Inside a Lake Michigan ice rescue

Ice rescue simulation

GRAND HAVEN, Mich. (WOOD) The sight of the Great Lakes covered in ice is particularly enchanting — but that ice is dangerous.

Great Lakes ice coverage is higher now than it was at this time last year. As of Sunday, total ice coverage was at 84 percent compared to 67 percent on Feb. 22, 2014.

Building lake ice often draws people to the shore.

Lt. Clint Holt of the Grand Haven Police Department says just because there is a lot of ice, doesn’t mean it’s safe. Piers are very slick this time of year, often coated with layers of ice.

Holt said if someone were to fall off of a pier into the icy water, it would be impossible for them to get out alone. With weather conditions like we’ve seen so far this February, Holt says, a person would reach hypothermia inside an average of 15 minutes.

If conditions are too rocky, rescuers may not be allowed into the water to rescue someone out.

If you see someone fall in to the water, call 911. Do not try to rescue them yourself. Frequently, untrained good Samaritans end up causing a bigger problem, Holt said.

“Sometimes they fall in, and then we have two people we have to save,” he said.

The best advice is to stay off the ice completely.

How to get out of freezing water

A fall into Lake Michigan will likely require professional assistance. It is much easier to self-rescue from an inland lake. Here are the best things to do after first falling in:

  • Call for help.
  • Stabilize your breathing.
  • Get close to the ice shelf, and spread your arms flat out on the top of it.

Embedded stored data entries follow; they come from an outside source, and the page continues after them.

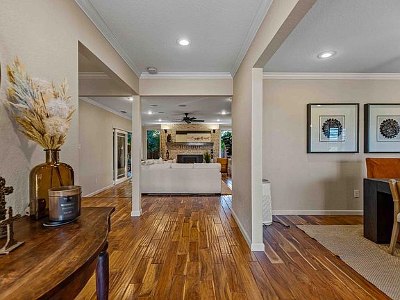 Welcome to 545 N. Daubenberger Rd, this stunning Turlock home blends timeless design with modern comfort at every turn. From the moment you arrive, you'll notice the attention to detail and the undeniable sense of elegance that flows throughout. The open-concept floor plan highlights a chef's kitchen complete with a gas range, center island, and designer cabinetryperfect for both everyday living and entertaining. Upgraded features include a presidential roof, dual-pane windows, tankless water heater, dual-zone A/C, and a built-in ambient sound system. The thoughtfully designed mud/laundry room adds functionality, while the tastefully remodeled bathrooms feature temperature-controlled systems for a touch of luxury. The primary suite offers a true retreat with a spacious walk-in closet and a spa-like en suite bathroom. Step outside and discover an entertainer's dream backyardcomplete with a fully equipped outdoor kitchen, covered patio with ceiling fans, storage shed, and rear sliding fence for alley access. Come experience the perfect blend of sophistication and comfortcome fall in love with Daubenberger Rd.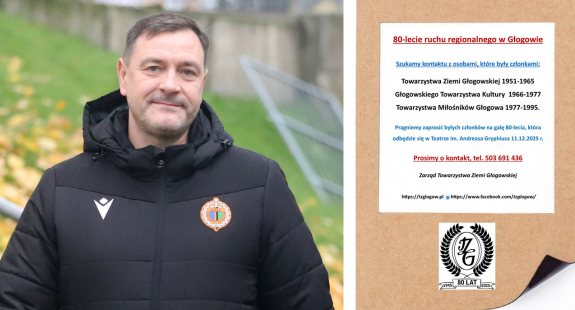 | Głogów 11 grudnia w Teatrze im. Andreasa Gryphiusa odbędzie się uroczysta gala organizowana przez Towarzystwo Ziemi Głogowskiej z okazji 80-lecia ruchu regionalnego w powojennym Głogowie. Do gali jeszcze sporo czasu, ale już teraz za naszym pośrednictwem organizatorzy apelują o kontakt wybrane osoby. więcej>> | ||||||||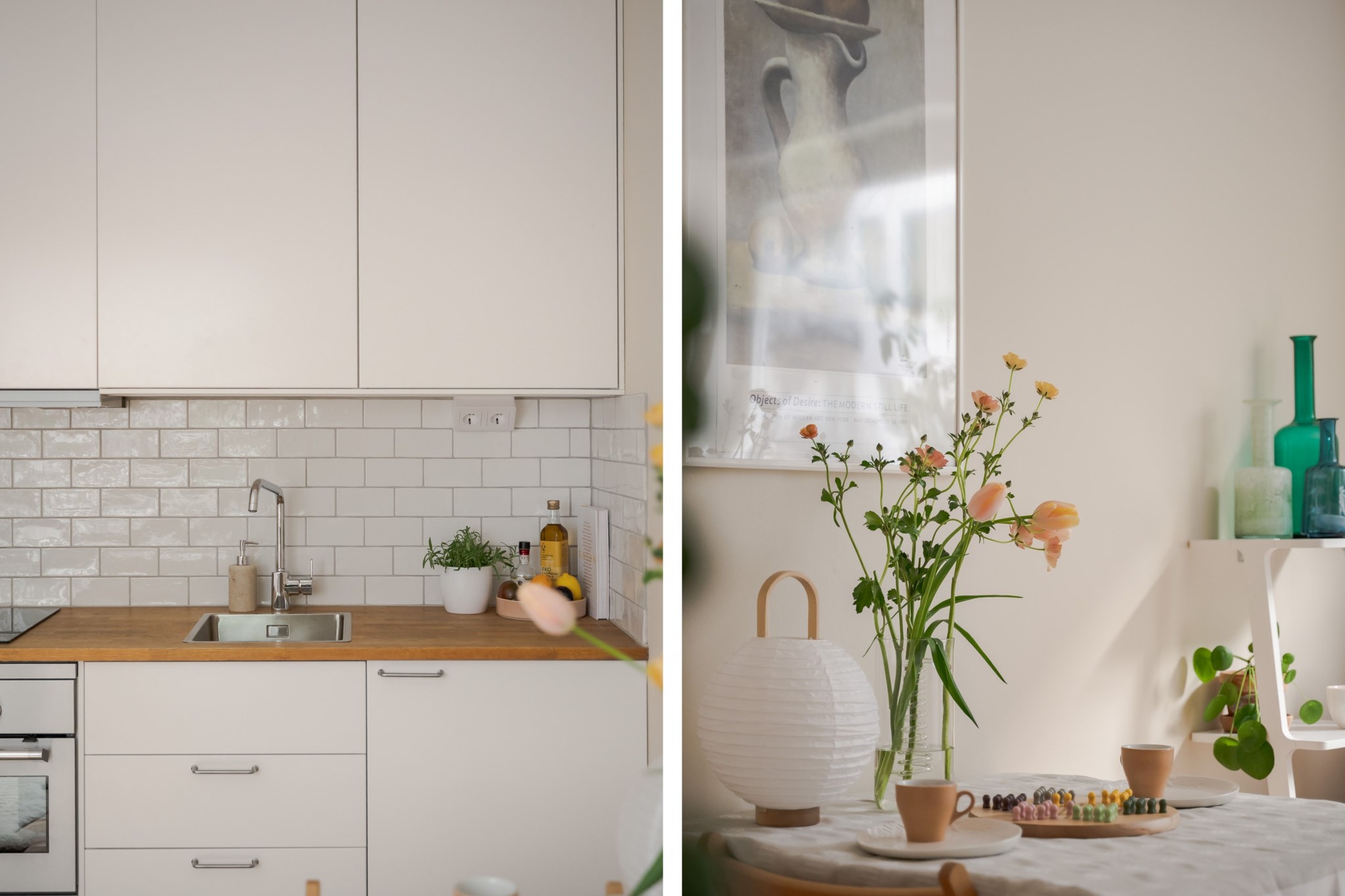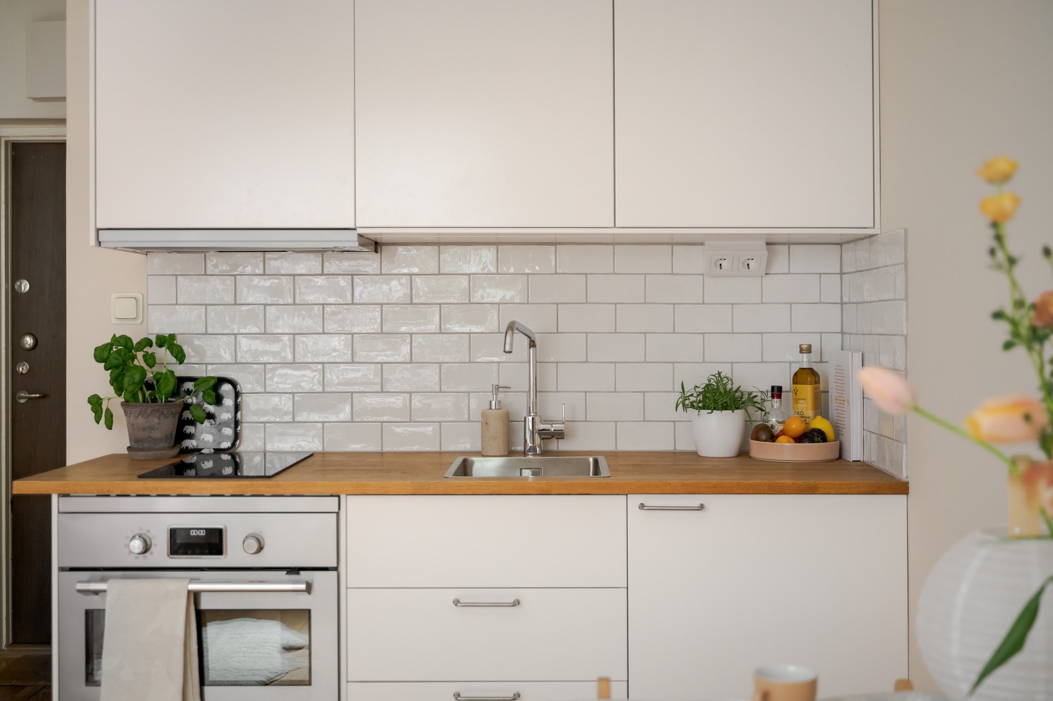 Klassiskt kök med ljusa, släta skåpsfronter, vit kaklad väggpanel och bänkskiva i trä. Kökets maskinella utrustning består av kyl, spishäll, fläkt och ugn. Ljusmålade ytskikt och parkettgolv.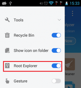 - Launch ES File Explorer, tap on the action menu and make sure Root Explorer is enabled.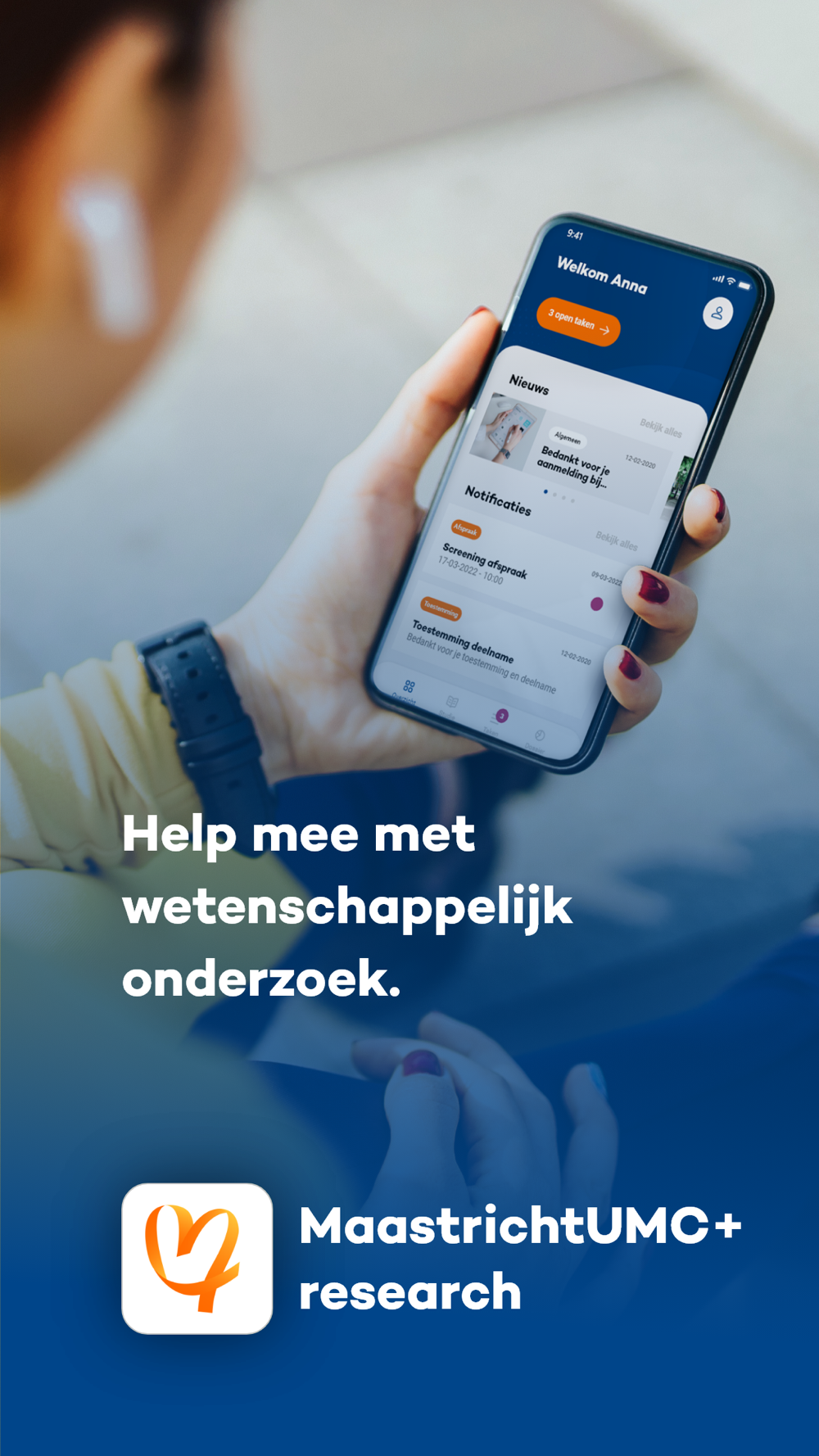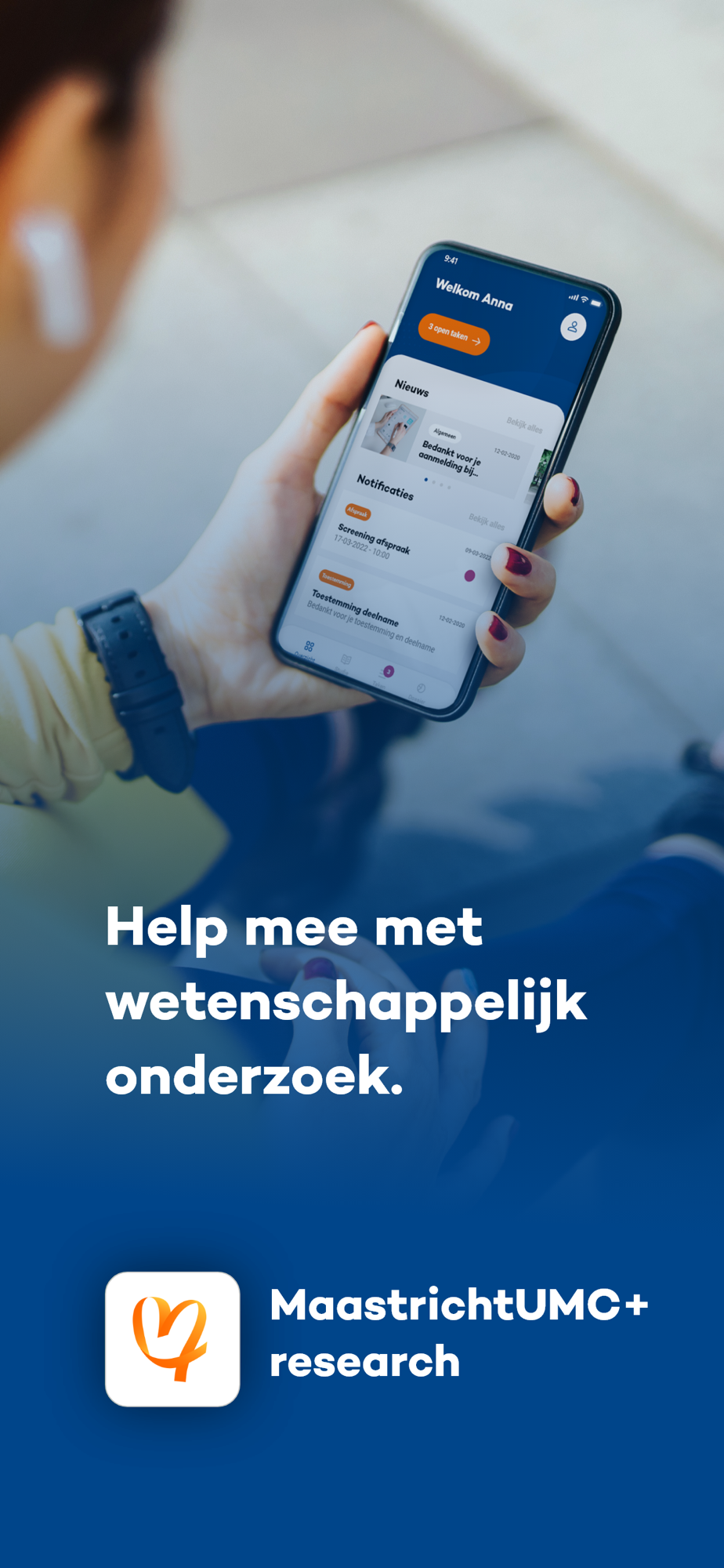 De Maastricht UMC Research app wordt beheerd door het Maastricht UMC+. Wij gebruiken de App bij medisch-wetenschappelijke studie’s die door onder leiding van het Maastricht UMC+ worden uitgevoerd. Als u een bijdrage wil leveren aan de het wetenschappelijk onderzoek van het Maastricht UMC+ door als proefpersoon deel te nemen kunt u met deze app.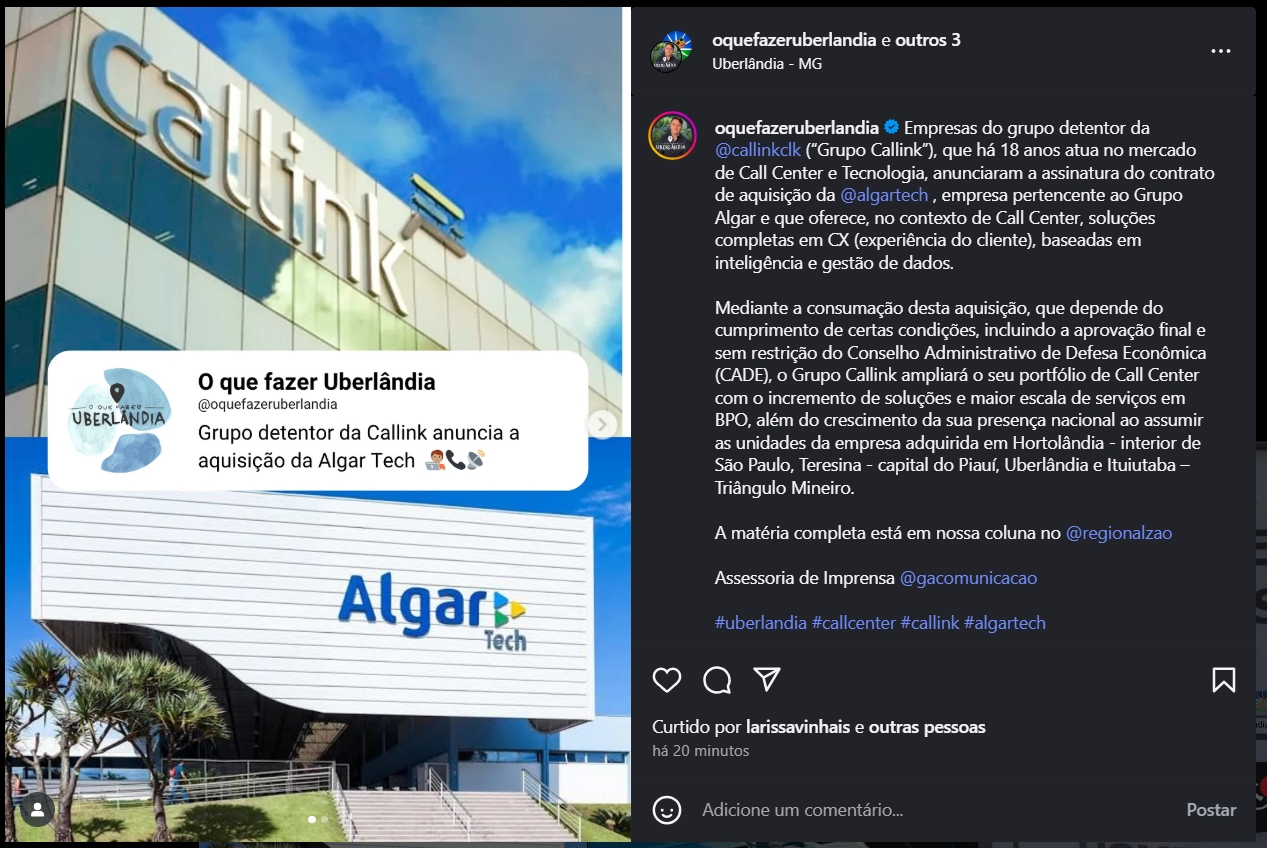 Grupo detentor da Callink anuncia a aquisição da Algar Tech

At this point you, can use ice awls, if present, to grab hold of the ice. Here is how to get out of the water:

  • With your arms on the ice shelf, let your feet float up behind you.
  • Use your feet to kick hard, and your arms to pull yourself onto the ice.
  • Roll away from the edge, don’t stand until the ice is safe.

If you can’t get out of the water, these steps will help stave off hypothermia:

  • Don’t struggle. The water around you is warmed by your body, so struggling pulls more cold water in.
  • Don’t strip. Winter clothes won’t weigh you down. Rather, they will insulate your body better than less layers of clothes.
  • Don’t panic. Conserve your breath and stay by the ice shelf.

Once you get out, it is important to do the following:

  • Don’t stand on the ice until it is stable. Roll or crawl to distribute weight.
  • Don’t stay in cold, wet clothes.
  • Don’t pour hot water on your body. This can cause burns and cause cold blood to rush back to the heart, which can cause a heart attack.